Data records
◆ ◆ ◆ ◆ ◆ ◆ ◆

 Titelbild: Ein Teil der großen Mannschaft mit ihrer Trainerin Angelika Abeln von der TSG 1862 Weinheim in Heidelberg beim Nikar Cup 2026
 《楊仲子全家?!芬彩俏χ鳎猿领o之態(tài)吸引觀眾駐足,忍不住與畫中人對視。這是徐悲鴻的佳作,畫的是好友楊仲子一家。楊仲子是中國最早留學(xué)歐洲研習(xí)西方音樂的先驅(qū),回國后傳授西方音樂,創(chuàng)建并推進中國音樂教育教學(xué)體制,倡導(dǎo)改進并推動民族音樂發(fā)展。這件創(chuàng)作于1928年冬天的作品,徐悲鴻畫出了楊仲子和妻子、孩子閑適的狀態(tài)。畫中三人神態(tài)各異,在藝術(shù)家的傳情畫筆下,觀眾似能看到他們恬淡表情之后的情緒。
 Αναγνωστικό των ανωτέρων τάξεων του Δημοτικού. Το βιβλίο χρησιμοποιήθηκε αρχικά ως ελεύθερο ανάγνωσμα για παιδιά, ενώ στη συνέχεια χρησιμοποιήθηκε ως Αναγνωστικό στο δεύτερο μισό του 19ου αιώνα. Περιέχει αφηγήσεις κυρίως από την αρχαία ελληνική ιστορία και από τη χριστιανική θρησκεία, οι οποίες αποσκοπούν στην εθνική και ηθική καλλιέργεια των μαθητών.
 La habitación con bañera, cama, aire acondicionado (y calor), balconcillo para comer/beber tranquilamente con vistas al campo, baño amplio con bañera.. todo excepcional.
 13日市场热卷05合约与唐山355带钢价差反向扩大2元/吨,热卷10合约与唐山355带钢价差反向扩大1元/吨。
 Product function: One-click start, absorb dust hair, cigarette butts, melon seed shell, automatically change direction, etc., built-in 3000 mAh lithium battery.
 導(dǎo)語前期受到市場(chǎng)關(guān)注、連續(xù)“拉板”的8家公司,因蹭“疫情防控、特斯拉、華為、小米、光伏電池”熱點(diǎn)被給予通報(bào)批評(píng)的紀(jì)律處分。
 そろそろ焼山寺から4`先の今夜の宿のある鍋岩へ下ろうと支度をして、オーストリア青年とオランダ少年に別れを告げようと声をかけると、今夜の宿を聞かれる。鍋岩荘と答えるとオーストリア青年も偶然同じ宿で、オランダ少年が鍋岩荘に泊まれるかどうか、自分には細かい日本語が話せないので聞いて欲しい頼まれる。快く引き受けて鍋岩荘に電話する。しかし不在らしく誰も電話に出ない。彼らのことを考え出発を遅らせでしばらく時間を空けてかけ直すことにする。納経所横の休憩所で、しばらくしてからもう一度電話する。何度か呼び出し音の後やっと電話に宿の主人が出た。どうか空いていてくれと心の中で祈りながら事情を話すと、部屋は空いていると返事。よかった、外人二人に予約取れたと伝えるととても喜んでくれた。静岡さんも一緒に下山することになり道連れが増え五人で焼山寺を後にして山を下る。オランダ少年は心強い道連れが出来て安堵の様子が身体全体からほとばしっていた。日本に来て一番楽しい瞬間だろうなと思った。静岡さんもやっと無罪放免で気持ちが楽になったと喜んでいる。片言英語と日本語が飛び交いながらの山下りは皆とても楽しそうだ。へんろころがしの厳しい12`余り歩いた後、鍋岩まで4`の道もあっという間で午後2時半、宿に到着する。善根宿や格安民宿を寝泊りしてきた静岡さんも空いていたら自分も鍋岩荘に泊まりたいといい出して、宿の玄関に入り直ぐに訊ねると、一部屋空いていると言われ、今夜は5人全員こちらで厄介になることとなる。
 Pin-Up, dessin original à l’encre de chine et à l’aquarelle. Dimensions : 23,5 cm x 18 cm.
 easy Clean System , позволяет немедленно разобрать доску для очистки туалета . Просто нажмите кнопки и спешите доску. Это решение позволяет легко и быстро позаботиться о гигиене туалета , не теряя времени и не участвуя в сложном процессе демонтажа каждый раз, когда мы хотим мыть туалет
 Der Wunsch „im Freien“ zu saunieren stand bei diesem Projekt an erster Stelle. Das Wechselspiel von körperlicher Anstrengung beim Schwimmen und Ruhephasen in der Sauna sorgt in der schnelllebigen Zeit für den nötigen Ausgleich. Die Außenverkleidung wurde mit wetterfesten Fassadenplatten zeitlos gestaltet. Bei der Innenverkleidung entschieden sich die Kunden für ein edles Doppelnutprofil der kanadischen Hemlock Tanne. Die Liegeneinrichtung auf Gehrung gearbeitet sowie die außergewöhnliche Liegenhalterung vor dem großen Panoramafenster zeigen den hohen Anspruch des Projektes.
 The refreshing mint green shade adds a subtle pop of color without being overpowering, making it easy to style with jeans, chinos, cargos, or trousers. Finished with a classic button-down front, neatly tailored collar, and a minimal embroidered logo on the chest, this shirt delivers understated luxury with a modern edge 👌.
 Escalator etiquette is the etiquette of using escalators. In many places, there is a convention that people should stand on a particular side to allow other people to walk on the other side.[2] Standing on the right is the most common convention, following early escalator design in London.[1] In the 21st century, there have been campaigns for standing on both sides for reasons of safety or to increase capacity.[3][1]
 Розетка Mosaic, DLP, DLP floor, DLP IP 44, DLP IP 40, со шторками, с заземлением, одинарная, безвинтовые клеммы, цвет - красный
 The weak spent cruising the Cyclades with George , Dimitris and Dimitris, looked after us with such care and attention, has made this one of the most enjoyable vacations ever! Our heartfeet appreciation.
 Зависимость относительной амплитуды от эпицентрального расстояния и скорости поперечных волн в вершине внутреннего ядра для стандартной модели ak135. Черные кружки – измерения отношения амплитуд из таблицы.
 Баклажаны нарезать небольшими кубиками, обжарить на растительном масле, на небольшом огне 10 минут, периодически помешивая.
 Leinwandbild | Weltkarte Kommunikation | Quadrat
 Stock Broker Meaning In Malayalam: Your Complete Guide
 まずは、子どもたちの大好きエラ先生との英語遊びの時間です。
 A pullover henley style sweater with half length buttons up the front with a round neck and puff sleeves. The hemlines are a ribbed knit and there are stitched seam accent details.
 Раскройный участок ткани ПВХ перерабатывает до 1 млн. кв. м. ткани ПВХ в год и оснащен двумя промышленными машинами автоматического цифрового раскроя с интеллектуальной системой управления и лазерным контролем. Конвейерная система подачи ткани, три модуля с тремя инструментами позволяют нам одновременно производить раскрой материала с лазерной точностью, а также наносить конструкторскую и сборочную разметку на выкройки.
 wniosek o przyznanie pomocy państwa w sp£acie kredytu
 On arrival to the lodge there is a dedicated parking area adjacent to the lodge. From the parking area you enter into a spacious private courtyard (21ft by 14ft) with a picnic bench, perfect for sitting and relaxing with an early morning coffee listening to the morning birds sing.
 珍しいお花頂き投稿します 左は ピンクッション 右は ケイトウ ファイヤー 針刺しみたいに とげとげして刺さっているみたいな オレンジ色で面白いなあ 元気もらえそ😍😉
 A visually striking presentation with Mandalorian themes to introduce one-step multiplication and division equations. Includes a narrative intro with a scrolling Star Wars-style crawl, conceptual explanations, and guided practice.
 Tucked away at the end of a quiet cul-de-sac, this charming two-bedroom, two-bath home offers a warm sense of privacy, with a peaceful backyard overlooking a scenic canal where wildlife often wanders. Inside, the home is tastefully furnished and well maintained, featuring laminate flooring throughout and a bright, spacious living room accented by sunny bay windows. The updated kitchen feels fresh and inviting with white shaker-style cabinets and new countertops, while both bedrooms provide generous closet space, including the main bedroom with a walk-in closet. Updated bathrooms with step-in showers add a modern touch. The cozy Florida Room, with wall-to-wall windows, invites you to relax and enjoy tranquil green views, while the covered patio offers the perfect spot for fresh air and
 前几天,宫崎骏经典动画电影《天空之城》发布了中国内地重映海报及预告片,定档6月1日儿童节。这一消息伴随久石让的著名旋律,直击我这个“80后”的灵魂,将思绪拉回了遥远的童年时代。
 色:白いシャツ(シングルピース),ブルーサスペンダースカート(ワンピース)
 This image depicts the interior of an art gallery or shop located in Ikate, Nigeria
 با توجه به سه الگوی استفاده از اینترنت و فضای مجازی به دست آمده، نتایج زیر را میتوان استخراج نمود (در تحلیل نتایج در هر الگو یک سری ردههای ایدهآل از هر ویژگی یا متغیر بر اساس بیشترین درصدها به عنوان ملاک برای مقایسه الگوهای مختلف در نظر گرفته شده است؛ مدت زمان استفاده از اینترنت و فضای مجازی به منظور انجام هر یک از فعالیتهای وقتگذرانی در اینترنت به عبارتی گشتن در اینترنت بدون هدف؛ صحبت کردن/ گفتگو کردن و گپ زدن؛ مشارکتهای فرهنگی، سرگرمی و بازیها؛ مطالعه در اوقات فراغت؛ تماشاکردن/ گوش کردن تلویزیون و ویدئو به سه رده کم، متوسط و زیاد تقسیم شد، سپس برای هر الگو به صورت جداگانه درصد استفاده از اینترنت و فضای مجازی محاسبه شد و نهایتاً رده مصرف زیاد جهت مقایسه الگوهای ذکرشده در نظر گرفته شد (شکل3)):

◆ ◆ ◆ ◆ ◆ ◆ ◆

What you should do
Could you transcribe the entries above word for word, from the line with "Розетка Mosaic, DLP, DLP" down to the line with "A pullover henley", keeping both?

Written reply
 Розетка Mosaic, DLP, DLP floor, DLP IP 44, DLP IP 40, со шторками, с заземлением, одинарная, безвинтовые клеммы, цвет - красный
 The weak spent cruising the Cyclades with George , Dimitris and Dimitris, looked after us with such care and attention, has made this one of the most enjoyable vacations ever! Our heartfeet appreciation.
 Зависимость относительной амплитуды от эпицентрального расстояния и скорости поперечных волн в вершине внутреннего ядра для стандартной модели ak135. Черные кружки – измерения отношения амплитуд из таблицы.
 Баклажаны нарезать небольшими кубиками, обжарить на растительном масле, на небольшом огне 10 минут, периодически помешивая.
 Leinwandbild | Weltkarte Kommunikation | Quadrat
 Stock Broker Meaning In Malayalam: Your Complete Guide
 まずは、子どもたちの大好きエラ先生との英語遊びの時間です。
 A pullover henley style sweater with half length buttons up the front with a round neck and puff sleeves. The hemlines are a ribbed knit and there are stitched seam accent details.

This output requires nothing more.